14/1/18

Margaret Fuller

Margaret Fuller era una mujer orgullosa y sabia. Nació en Massachusetts en 1810, cuando ser mujer –y más de peso público– no era la situación más fácil para desenvolverse en los Estados Unidos puritanos del siglo XIX. Pero ella rompió las ataduras mentales hasta convertirse en una de las escritoras claves del feminismo y la independencia de la incipiente nación.

Era una revolucionaria, por dentro y por fuera, por lo que el desembarco de su libro Verano en los lagos, de la mano de La línea del horizonte en España, supone un importante espejo para estos tiempos: uno comprueba que, lejos de resolverse ciertos problemas, se han agravado con el tiempo.

Era mayo de 1843 y Margaret inició este viaje hacia los Grandes Lagos que desmigó en un libro en el que desde la primera página, escrita en las cataratas del Niágara, resume en un instante su propósito no solo del viaje, sino vital: «Una visión tan grandiosa pronto nos satisface, dejándonos contentos con su imagen y con lo que es inferior a su imagen.

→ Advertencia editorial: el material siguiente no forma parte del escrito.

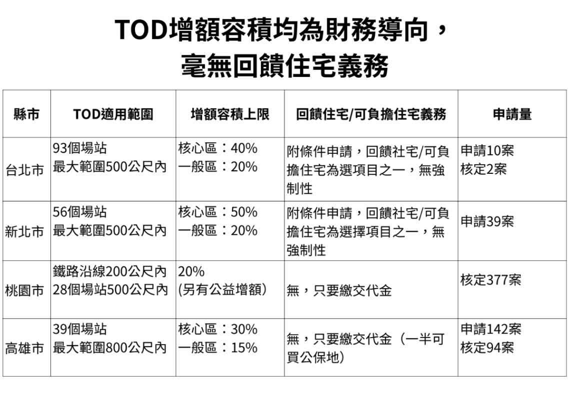 依民團提供資料,目前六都中已有北市、新北、桃園及高雄施行 TOD 增額容積制度,但增額容積多被地方視為創造財源的工具,普遍只要求開發商繳納代金,並未規定一定比例回饋社會住宅或可負擔住宅。
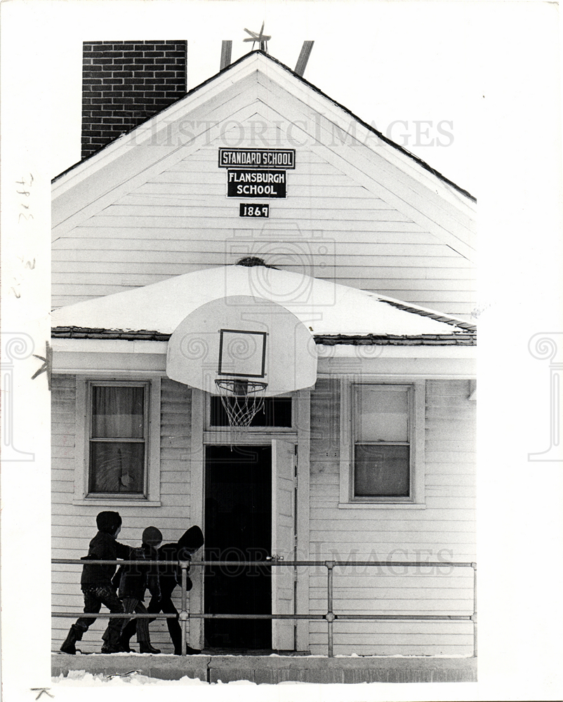 Caption: Boys entering Flansburgh one room schoolhouse built in 1869.
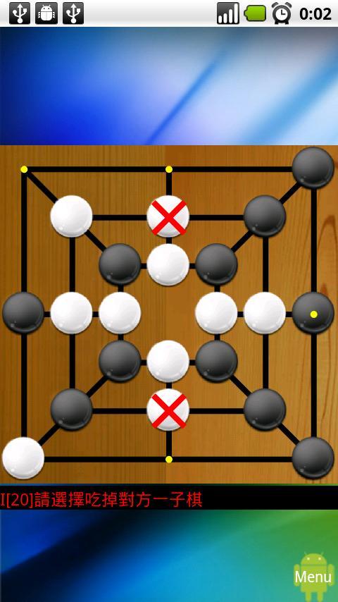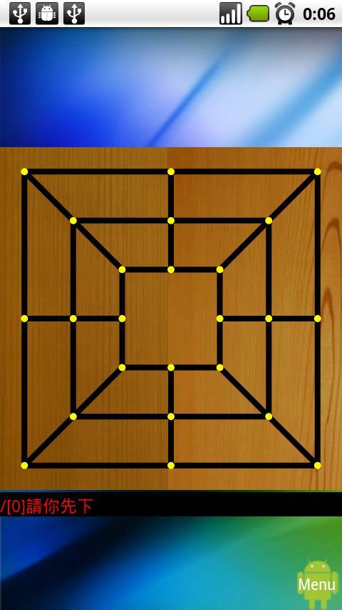 Cada jogador começa com nove doze peças ("homens"). No início do jogo, não há peças no tabuleiro. As peças podem descansar em qualquer ponto no tabuleiro, onde as linhas se cruzam. O objetivo do jogo é capturar todas as peças do oponente.
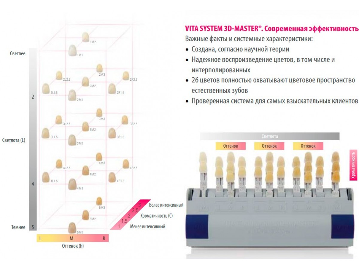 - Логичное и последовательное построение цветовой системы VITAPAN 3D-MASTER согласно колориметрическим критериям, дает возможность без затруднений и быстро сделать однозначный выбор цвета зуба, что, в свою очередь, является необходимой предпосылкой для его точного воспроизведения в керамике.
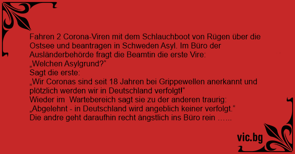 Fahren 2 Corona-Viren mit dem Schlauchboot von Rügen über die Ostsee und beantragen in Schweden Asyl. Im Büro der Ausländerbehörde fragt die Beamtin die erste Vire:
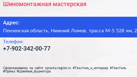 Шиномонтажная мастерская по адресу Пензенская область, Нижний Ломов, трасса М-5 528 км, 2 в дальнейшем Организация, размещена в следующих категориях:
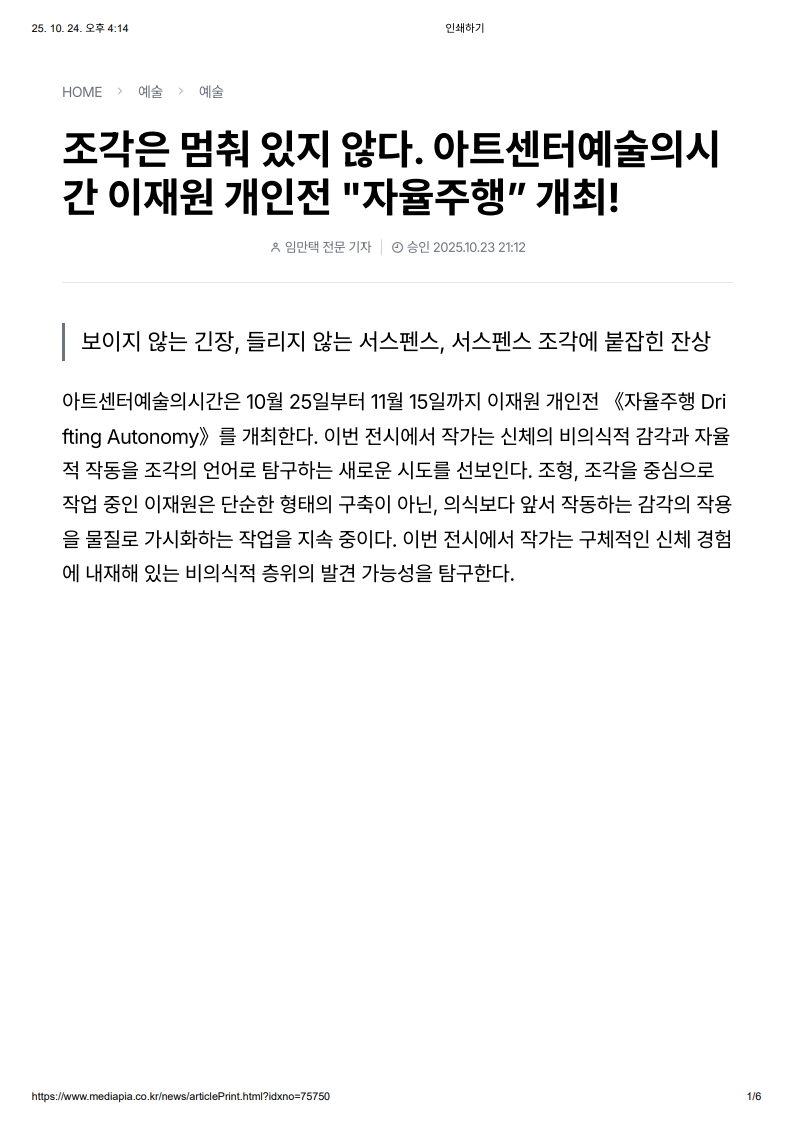 [미디어피아 2025. 10. 23.] 조각은 멈춰 있지 않다. 아트센터예술의시간 이재원 개인전 "자율주행" 개최!
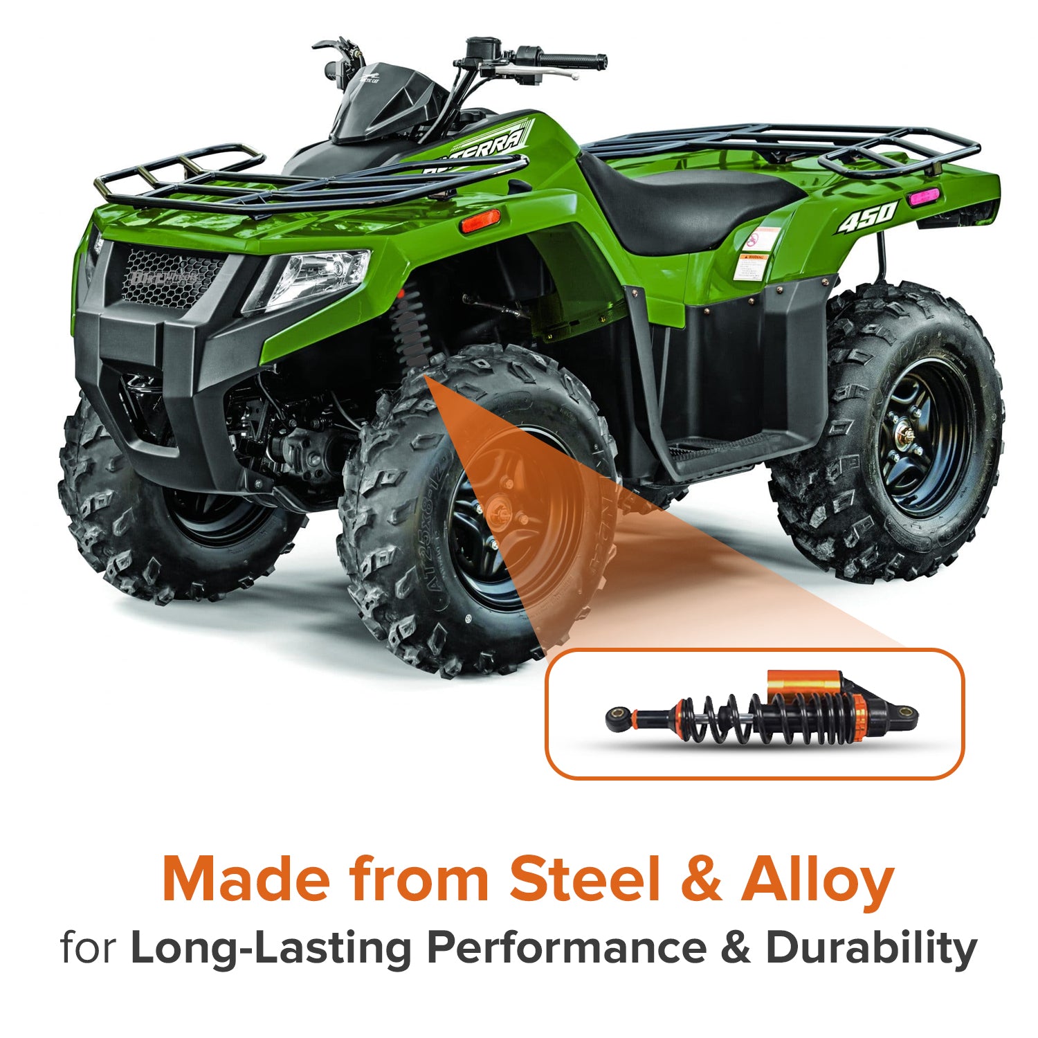 These steel and alloy shock absorbers feature a black case and springs with orange highlights and they will look especially good mounted on almost any powersports vehicle.
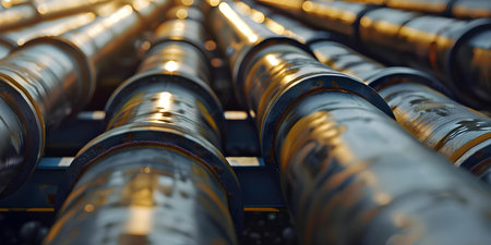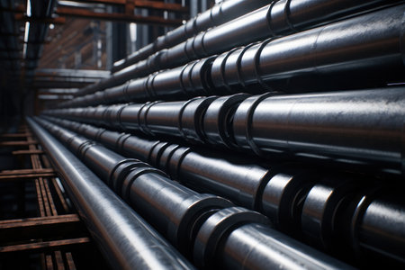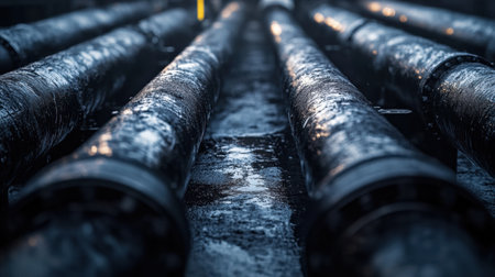 Steel pipes in an industrial setting used for transporting energy resources like oil and water. Concept Industrial Piping, Energy Transportation, Steel Pipes, Oil Industry, Water Distribution
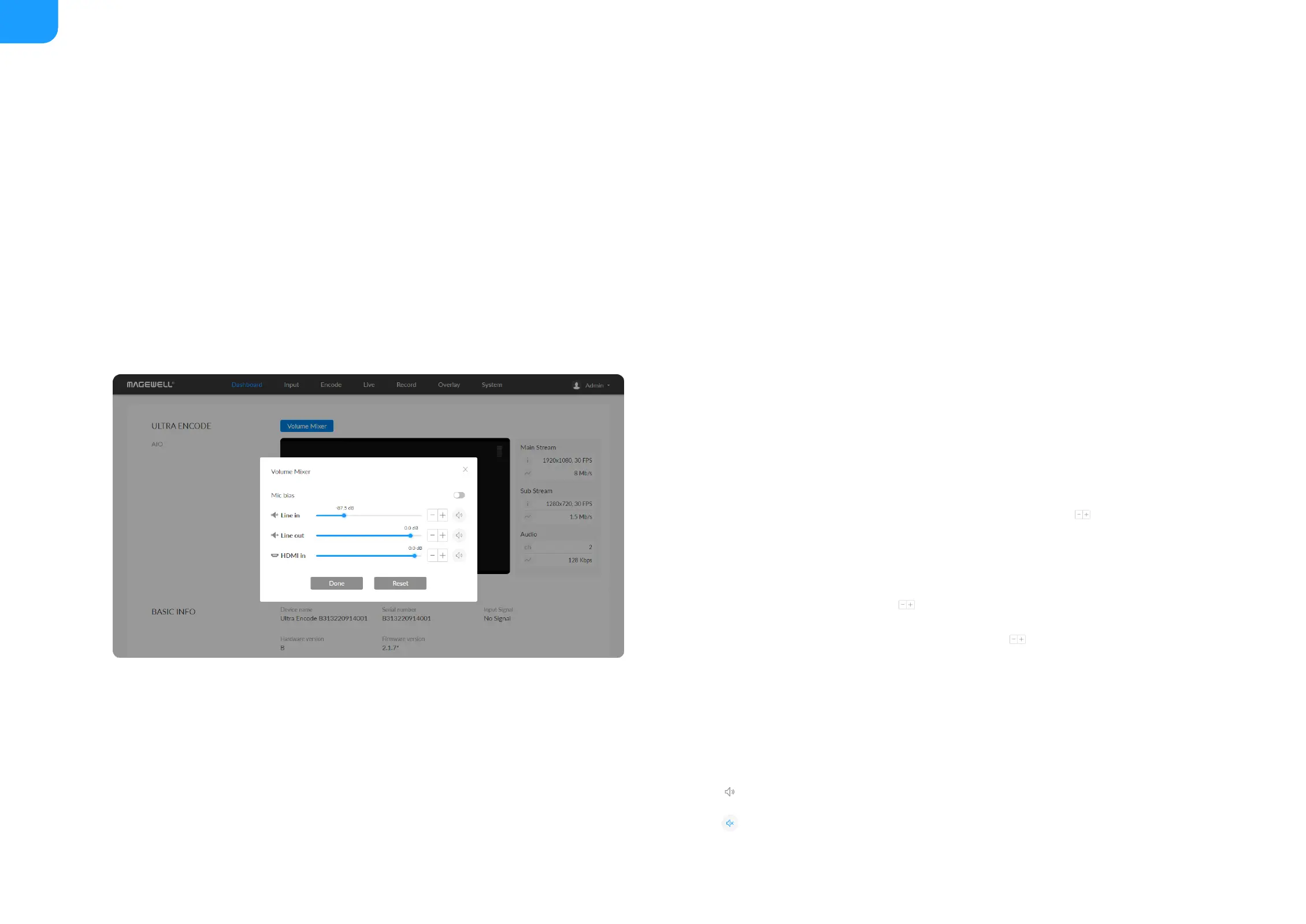 HDMI/SDI IN: adjust input signal volume. Click to fine tone the volume
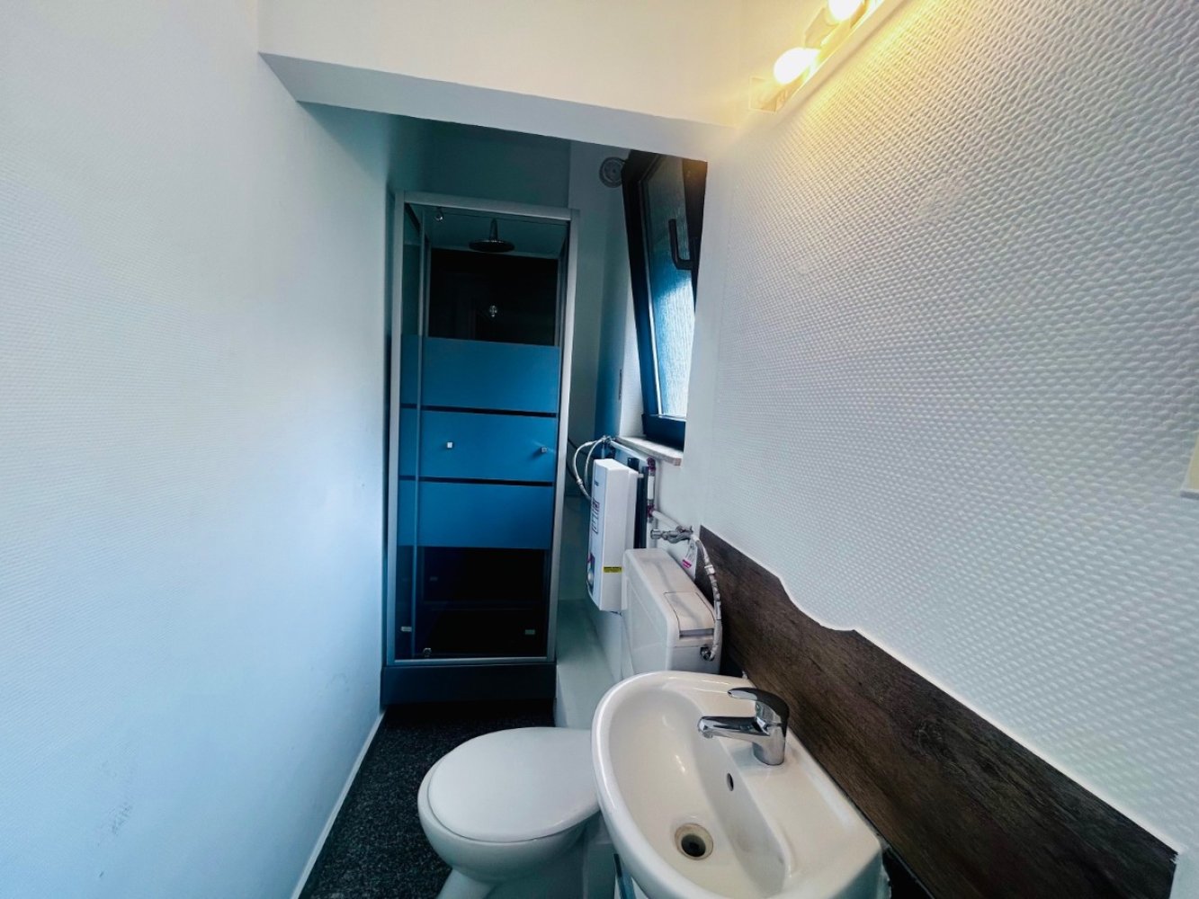 Das im Jahr 1965 massiv erbaute Haus präsentiert sich in einem gepflegten und gehobenen Zustand. Über die Jahre wurde kontinuierlich modernisiert: das Flachdach 2005 erneuert, die Gasheizung 2010 installiert (getrennte Versorgung für Wohnen und Gewerbe) und die Fenster in den oberen Etagen durch moderne Doppel- bzw.

Nuestros deseos, una vez realizados, nos obsesionan menos. Al haber vivido un día podemos partir y ser merecedores de vivir otro».


Se sabía que Margaret Fuller había dado su estirón intelectual entre algodones, como ella misma le escribió a su amiga Caroline Sturgis en una carta: «Siempre ocupo mi posición natural, y cuanto más veo más siento que es regia. Sin trono, cetro ni guardia, ¡pero reina!». Y aunque su estela sigue la historia de los círculos trascendentalistas, este libro de viajes que mezcla lo poético, las maravillosas descripciones de la naturaleza y la bondad de los nativos nos saca de trilladas teorías para poner en práctica una vida sublime. 

Y ese es, precisamente, el núcleo del trascendentalismo –«pensar es actuar»–, así que los cuatro meses que pasó por los Grandes Lagos fueron una gran puesta en práctica de un anhelo. «Estoy harta de libros y de trabajo intelectual. Anhelo extender las alas y vivir al aire libre; tan solo ver y sentir», como le había escrito a su amigo y admirado Ralph W. Emerson. Este viaje, con 33 años, era su oportunidad.

Lejos quedaba la ingenuidad que cargaba en 1835 en su primer gran viaje, donde en Long Island conoció al poeta Sam Ward y, al volver de dar un paseo, anotó en su cuaderno que no le había caído bien: la honestidad y la verdad en carne viva ya se asomaban en una mujer de 25 años, aunque –hay que decirlo– llegaron a ser grandes amigos. «Esa fachada defensiva adoptada por una personalidad sensible y orgullosa se desvanecía, mostrando dotes raras y logros sólidos», escribió sobre ella Ward en sus memorias cuando tenía 80 años. «Todo lo que yo sabía», continuaba, «ella lo sabía con la misma profundidad y desde el punto de vista más moderno».